Day 9 – Back on Track!

Hey ya’ll! I’m feeling good today. Yesterday was pretty successful. It really lifted a weight off of my shoulders to confess, into the blogosphere, my cheating rampage on Monday. I felt empowered afterwards. Like, hah, I confronted the demon…now let’s rock it’s world!!

Like I said, yesterday was pretty successful…and I did really well staying on track.

Breakfast: Almonds
Mid-Morning Snack: Orange
Lunch: Tilapia & an apple with peanut butter
Mid-Afternoon Snack: Banana
Dinner: Subway – chicken breast on whole grain bread with no cheese and no dressing.
Evening Snack: 94% Fat Free Popcorn

So – not perfect…but not too bad either! 🙂

I almost got chips at Subway to satisfy my need for crunchy food.

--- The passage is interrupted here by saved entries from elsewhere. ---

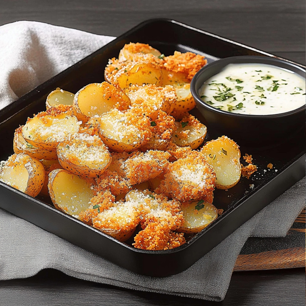 The Parmesan-crusted potatoes offer a delightful combination of flavors and textures, making them a perfect appetizer for any occasion. Their crispy exterior and soft interior provide a satisfying bite that pairs well with a variety of dips and sides. Enjoy this simple yet elegant dish as a crowd-pleaser at your next gathering.
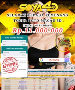 Selamat kepada Userid : Mac**** Telah berhasil mendapatkan kemenangan besar pada permainan TOGEL TOTO MACAU 5D . Dengan kemenangan Sebesar Rp. 11.000.000.-. Setelah mengisi formulir withdraw dengan kurang waktu hanya 1 – 10 menit pihak SOYA4D sudah melakukan transfer kepada pemilik user id. Dan dana sudah masuk ke rekening id tersebut oleh pemenang. Bukti pembayaran yang kami berikan merupakan bukti pembayaran yang SAH / VALID yang langsung di dapatkan melalui tanda transfer transaksi berhasil dari Bank yang di tuju.
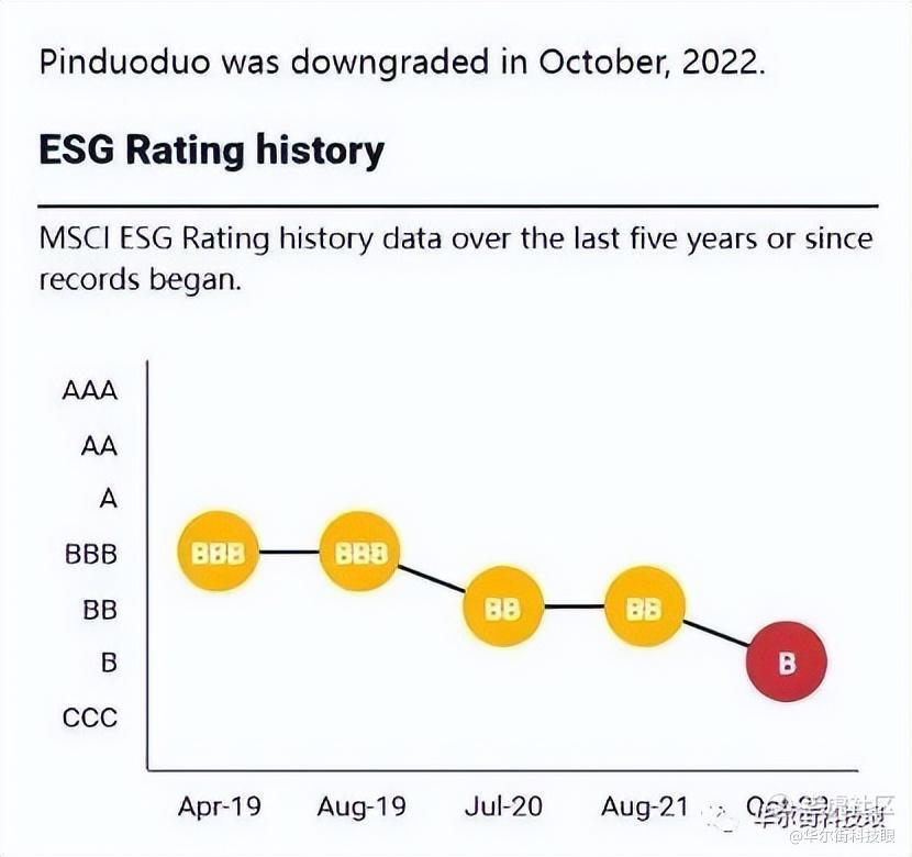 此外,数据隐私安全问题还拖累了拼多多的MSCI ESG评级。ESG评级是MSCI(明晟指数)针对环境、社会和公司治理方面的表现进行的评级。拼多多评级排名靠后也是由于数据隐私安全性不理想。
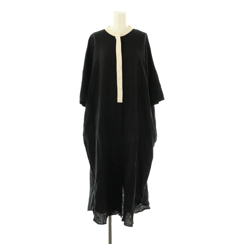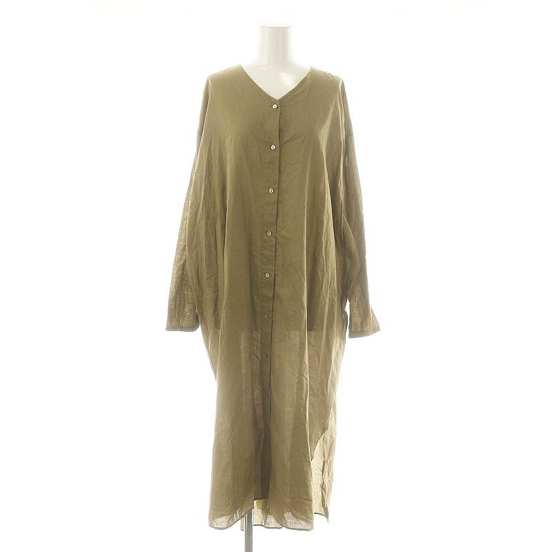 リネン スタンドカラー シャツワンピース

But then I remembered I had popcorn at home and I’d rather have that anyway! You can eat so much more for not as many calories, it’s wonderful! haha.

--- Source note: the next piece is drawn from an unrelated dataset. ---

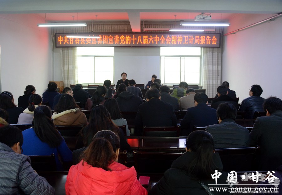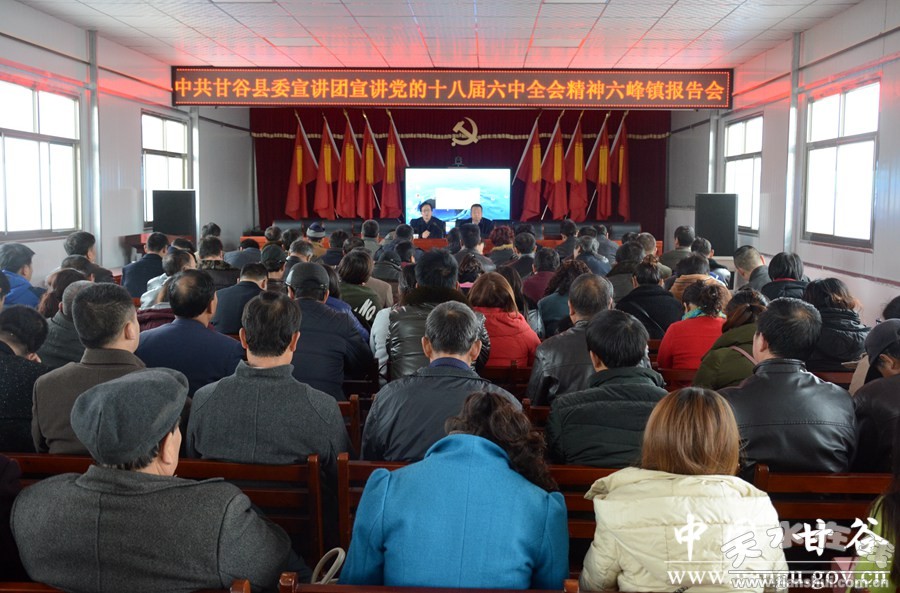 為深入學(xué)習(xí)宣傳貫徹黨的十八屆六中全會(huì)精神,按照中央和省市縣委總體部署要求,11月22日,甘谷縣委宣講團(tuán)深入六峰鎮(zhèn)宣講黨的十八屆六中全會(huì)精神,鎮(zhèn)村兩級(jí)干部共計(jì)100多人聆聽報(bào)告。
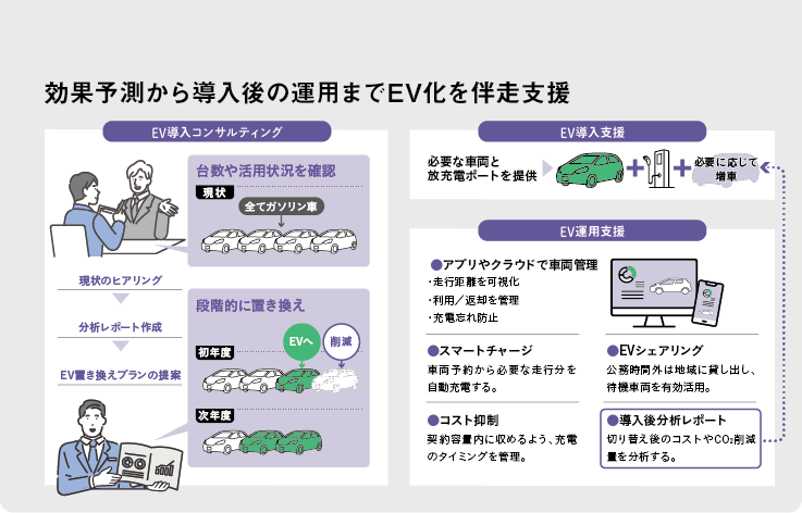 自治体とのプロジェクトを契機に、公用車向けのEV導入支援を始めた。

Today, I have edamame waiting for me in the freezer and had almonds for breakfast this morning. Now, I realize that almonds might not be quite enough of a breakfast. But, it’s a start. I usually don’t eat breakfast…so I’m starting where I can and I’ll build on that.

My eating is back on track…but my exercise is not so much. It’s really hard to work it in! Ugh. I didn’t go running last night like I had planned because I was really tired after teaching Kosama for 2 hours. So…I got Subway and went home to catch up on my DVR recordings before bed. haha. I won’t be able to run today either because I taught class at 5am & 6:10am, can’t go at lunch because then I’d be all sweaty…gross, and I have class from 5-9:30pm tonight. I’m tired just thinking about it!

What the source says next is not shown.